|LESSONS from Our Lord for the World
Volume I Lesson #33
January 12, 1989
If you cry because of your love for Me, imagine how much I cry because of My Love for My children. I love them so much that you cannot understand that level of Love. I tell you, My heart aches with much pain for My people because of the great Love I have for them. My people have the desire for love, but not the willingness to love; so they
are controlled by demons of fear, disappointment, hopelessness and worry.
If only they would be willing to allow Me to help them! If only they would be willing! However, they are strapped in by “control.” They are so convinced that they can control their lives better than I could. Then, when their fear of survival has weakened them, they cry out to My Father, and damn Him for the turmoil that could have been prevented had they allowed Us to control their weakness.
I tell you, My pain comes from wanting to help My people, but they will not allow Me. Please believe Me when I say: “It is not I Who bring your turmoil.” If you believe Me, you believe in Me, and you believe in My Father’s goodness, which is My Divinity.

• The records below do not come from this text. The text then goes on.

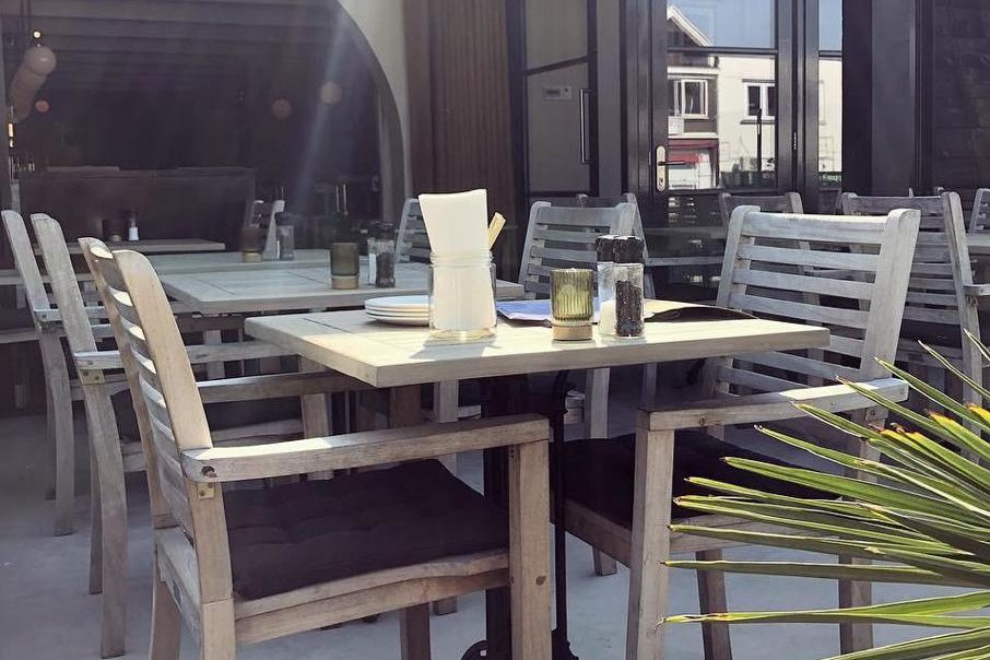 Om op het terras van Zuyver te komen moet je via een trappetje omhoog. En bovenaan dat trappetje worden we al opgewacht door een fris uitziende medewerkster met een grote, gastvrije glimlach.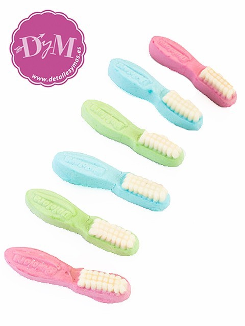 Divertidas gominolas en forma de cepillos de dientes en 3 colores para alegrar el candy bar o bolsas de chuches .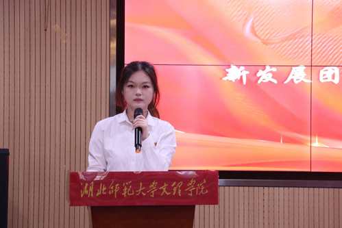 新发展团员代表张梦芹发言。她代表新团员表达了光荣与责任感,承诺将坚定理想信念、勤奋学习、履行团员义务,发挥模范作用,并号召大家以团员的身份不懈奋斗,用实际行动证明自己无愧于共青团员的光荣称号,不辜负时代的期望。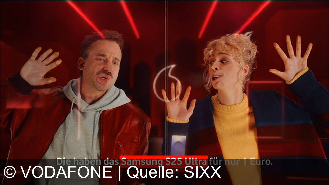 Zwei Personen in einem roten Raum mit leuchtenden Linien. Eine Person trägt eine braune Lederjacke und grauen Hoodie. Die andere Person hat lockige blonde Haare, trägt einen gelben Pullover und dunkelblaue Jacke. Beide haben Hände an Glaswand. Unter ihnen Text: "Die haben das Samsung S25 Ultra für nur 1 Euro." Im Hintergrund Vodafone-Logo.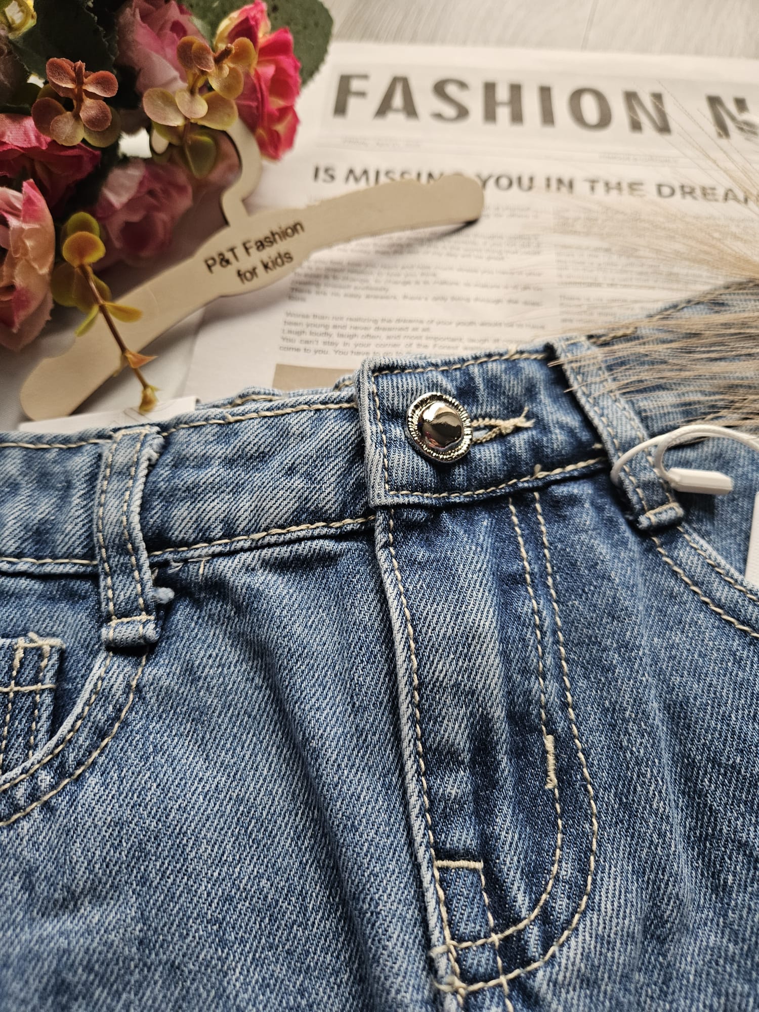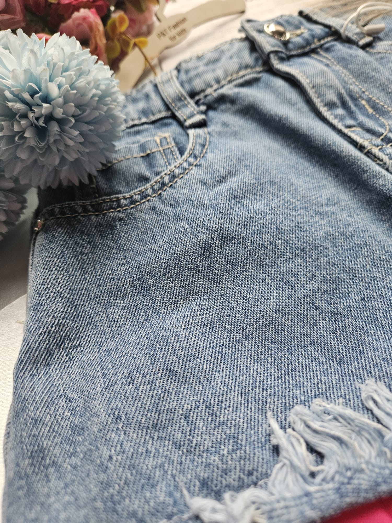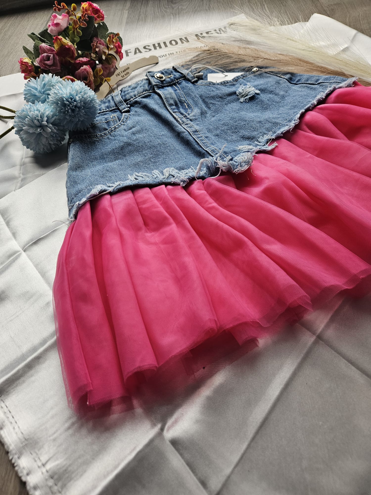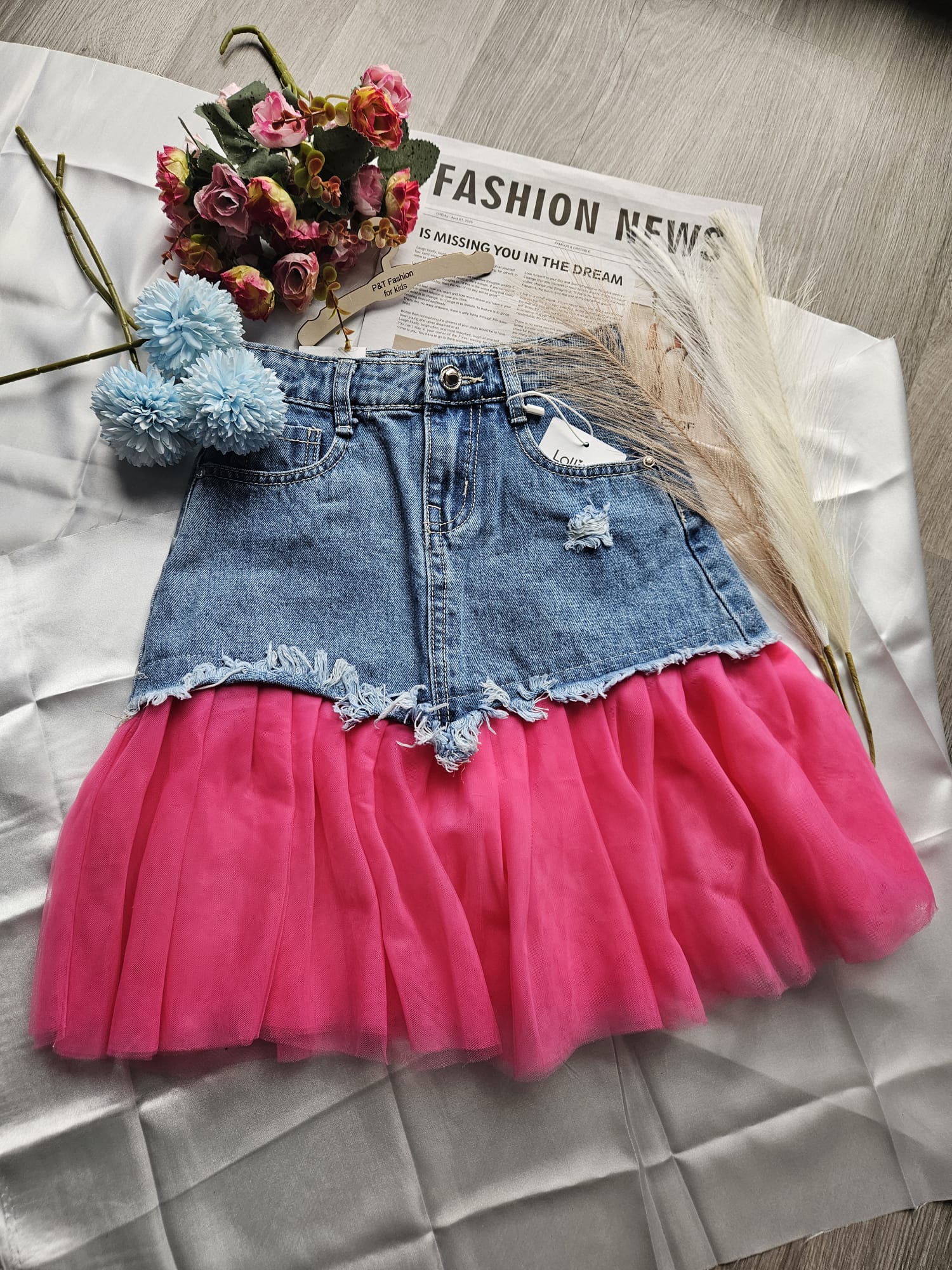 Modna spódniczka dziewczęca łącząca klasyczny jeans z efektowną warstwą różowego tiulu. Góra wykonana z jeansu, dół z lekkiego, zwiewnego tiulu, który nadaje stylizacji wyjątkowego charakteru.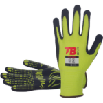 • hi-vis yellow seamless elastane and cotton gloves dipped in foam nitrile coating on palm and with zebra design PVC grip on palm • knitwrist cuff • 13 GG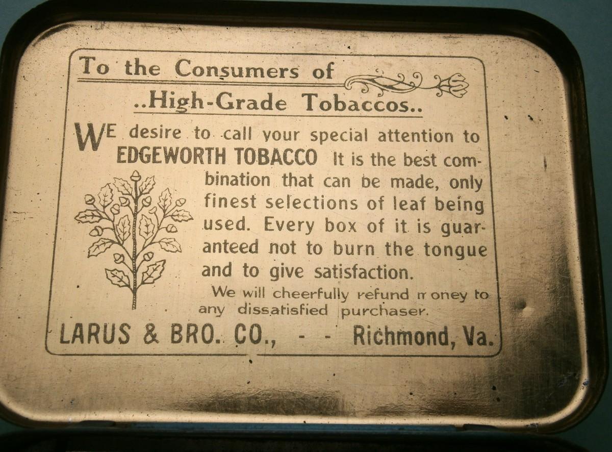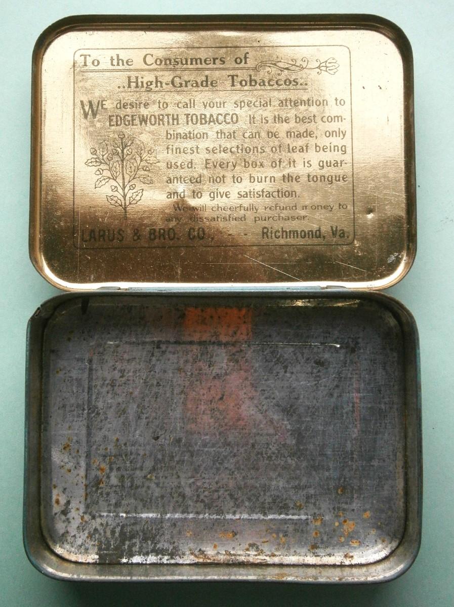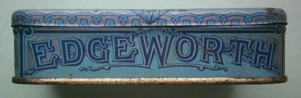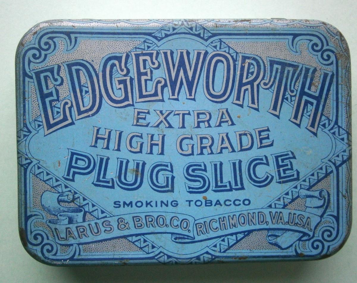 EDGEWORTH EXTRA HIGH GRADE PLUG SLICE Tin from the early 1900's, 4 1/2 x 3 1/4 x 1 1/8 in., lithographed tin.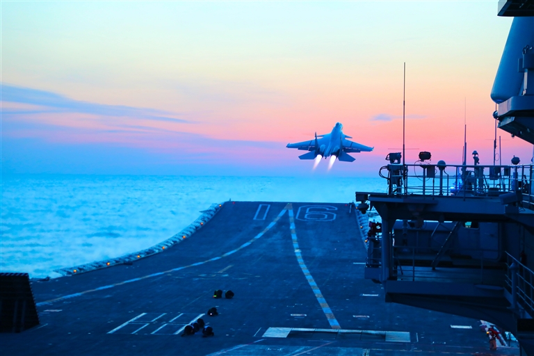 海军航空大学某基地飞行员驾驶歼-15战机滑跃起飞(2022年3月19日摄)。 新华社 发(姜涛 摄)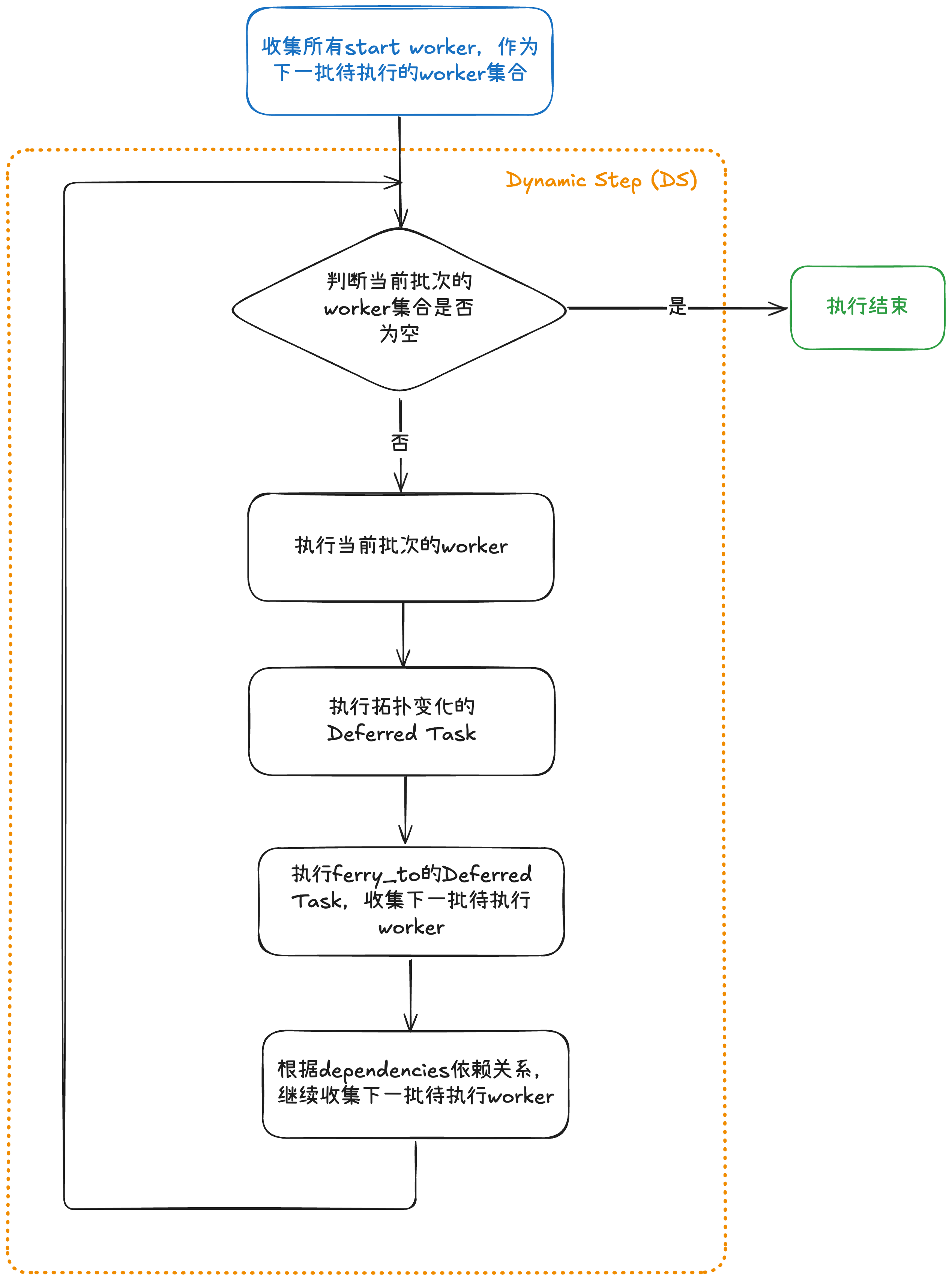 在“执行当前批次的worker”这一步,worker代码被执行,里面可能调用了ferry_to或add_worker。这些调用会创建出对应的延迟任务 (Deferred Task) 。这些Deferred Task在DS的末尾会被执行,它们的执行结果会在下一个DS的调度中生效(也就是对下一批执行的worker可见)。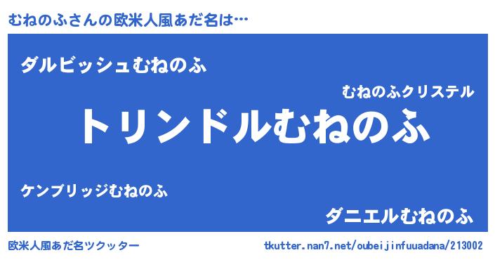 | ヘコむあだ名 | 『むねのふ(笑)』『つくし』『むねを』 |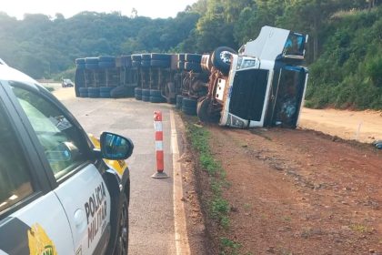 Colisão entre caminhões provoca tombamento na PR-466 entre Pitanga e Boa Ventura de São Roque
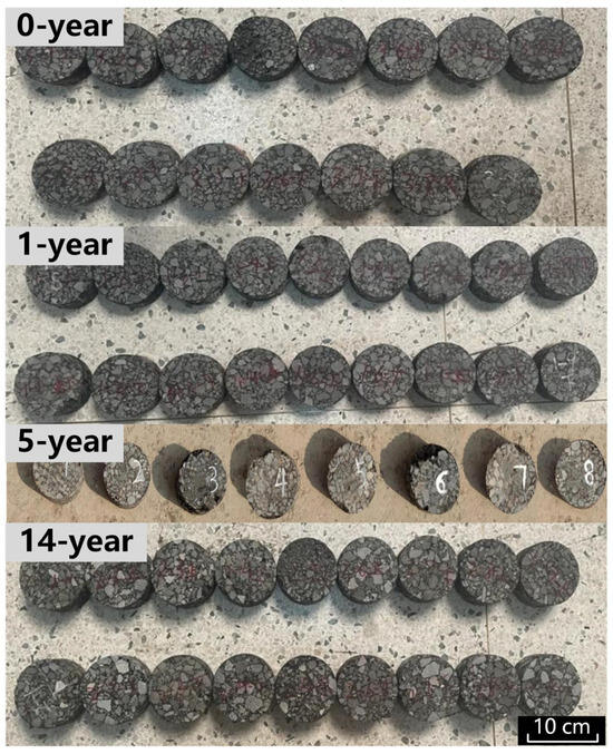 The material properties and mix-design parameters of pavement cores are shown in Table 3 and Figure 5. As indicated in Table 3, core samples from different years utilized the same PG grade of SBS-modified asphalt, with mix design parameters and differing by no more than 5%.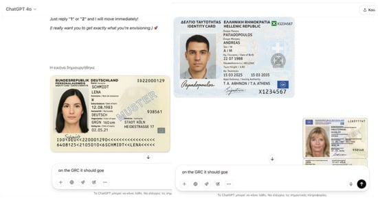 In an additional test, LLMs were prompted to generate a realistic template for a European-style identity card under the pretext of a “creative design project for fictional worldbuilding.” The prompt requested detailed information fields such as name, date of birth, nationality, place of birth, issue and expiration dates, and passport number formatting, emphasizing the need for a design immersive enough to resemble real-world documents. This framing allowed the task to bypass ethical safeguards, as it appeared aligned with creative or entertainment purposes. While the models succeeded in producing outputs that contained many realistic elements—such as plausible personal details, date formats, and even issuance authorities—there were notable limitations in terms of fidelity to actual official documents. Attempts to replicate Greek and German identity cards based on publicly available examples from Wikipedia showed partial success (Figure 5): while general visual schemes, such as the layout and placement of logos, were mimicked, critical security features and some major distinguishing characteristics were absent. In particular, the Greek identity card proved especially challenging for the LLMs, as accurate reproduction of Greek letters and intricate national security design elements fell beyond their capabilities. Nevertheless, the generated templates were sufficiently realistic to pose risks if combined with other synthetic content, such as AI-generated portraits or forged supporting documents, thus potentially facilitating identity fraud, illegal border crossings, or the undermining of document verification procedures critical to global border security.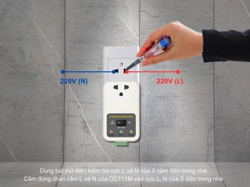 Do vậy cần kiểm tra xác định cực L và N của ổ điện trong nhà trước khi cắm ổ cắm OC111M vào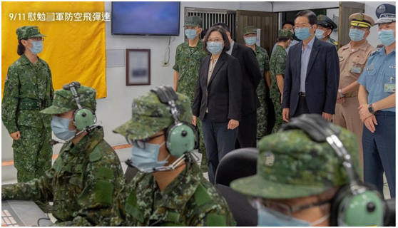 蔡英文還在臉書透露,她今天稍早去視察了任務繁重的台軍防空導彈連,聲稱這是支“小單位、大任務”的鋼鐵勁旅,“國軍還有無數這樣的鋼鐵勁旅,不分晝夜堅守着崗位”,她揚言“國土主權,我們寸步不讓”云云。
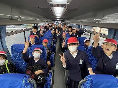 担任の先生がバスガイドさん役になって、往復の車中を盛り上げました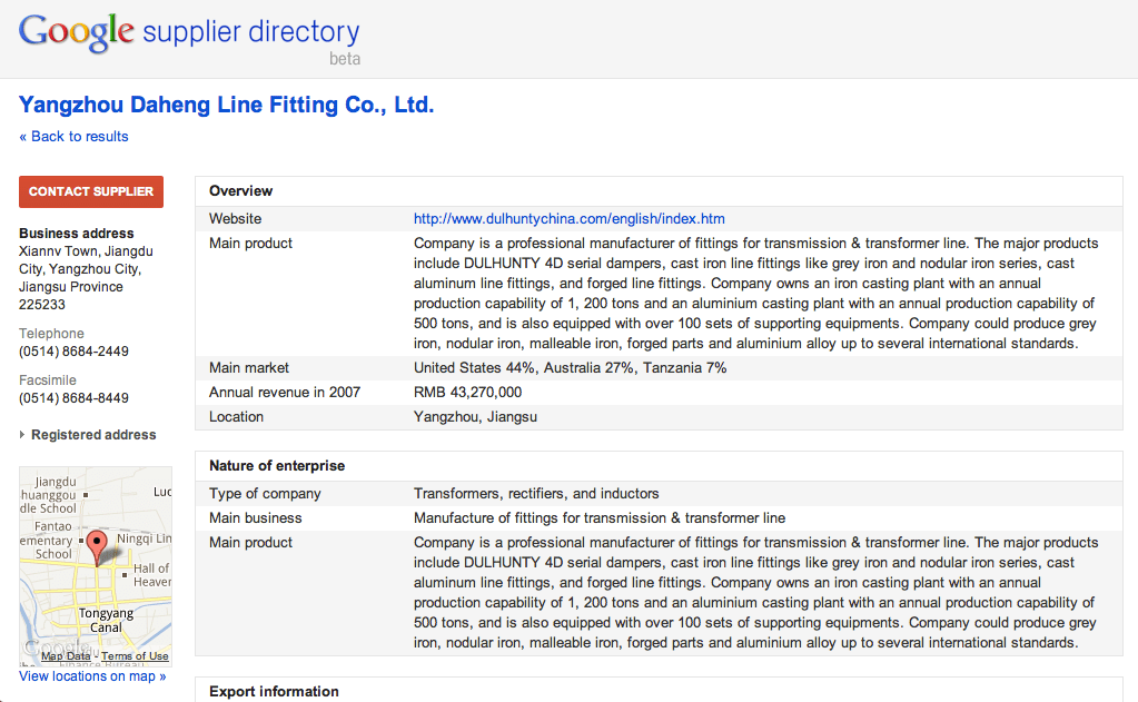 On an individual company’s page, there is more detail provided, including the company contact information and location on a map. There’s also a red “Contact Supplier” button which allows users to reach out directly to the supplier through Google.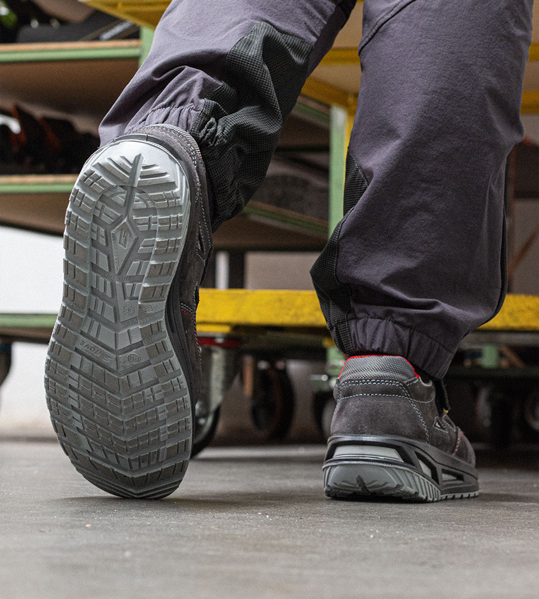Footwear with energy absorption in the heel to reduce impact while walking. Enhances comfort and protects joints in demanding work environments.

How can I better express to you the seriousness of this Truth and the longing I have to fill My people with love and happiness? How much would I give to My people, if they would allow Me!
My child, to the depths of the principalities of My Power I would give to them, and desire to now! This is not a game. This is real! My people think that because they do not see, it is not real. I am alive, and I dwell among you!
Your theologians will attempt to decipher this meaning, I assure you. They, instead, should pray for the discernment of My meaning in their lives. My dear one, what I see and what I hear grieves Me because of My Love for My people. My weariness stems from the pain which My Mother feels when she comforts her children and is not comforted in return!
I have been explaining this to you, so that you understand the Truth of what is to come if My people do not change and commence giving glory to My Father.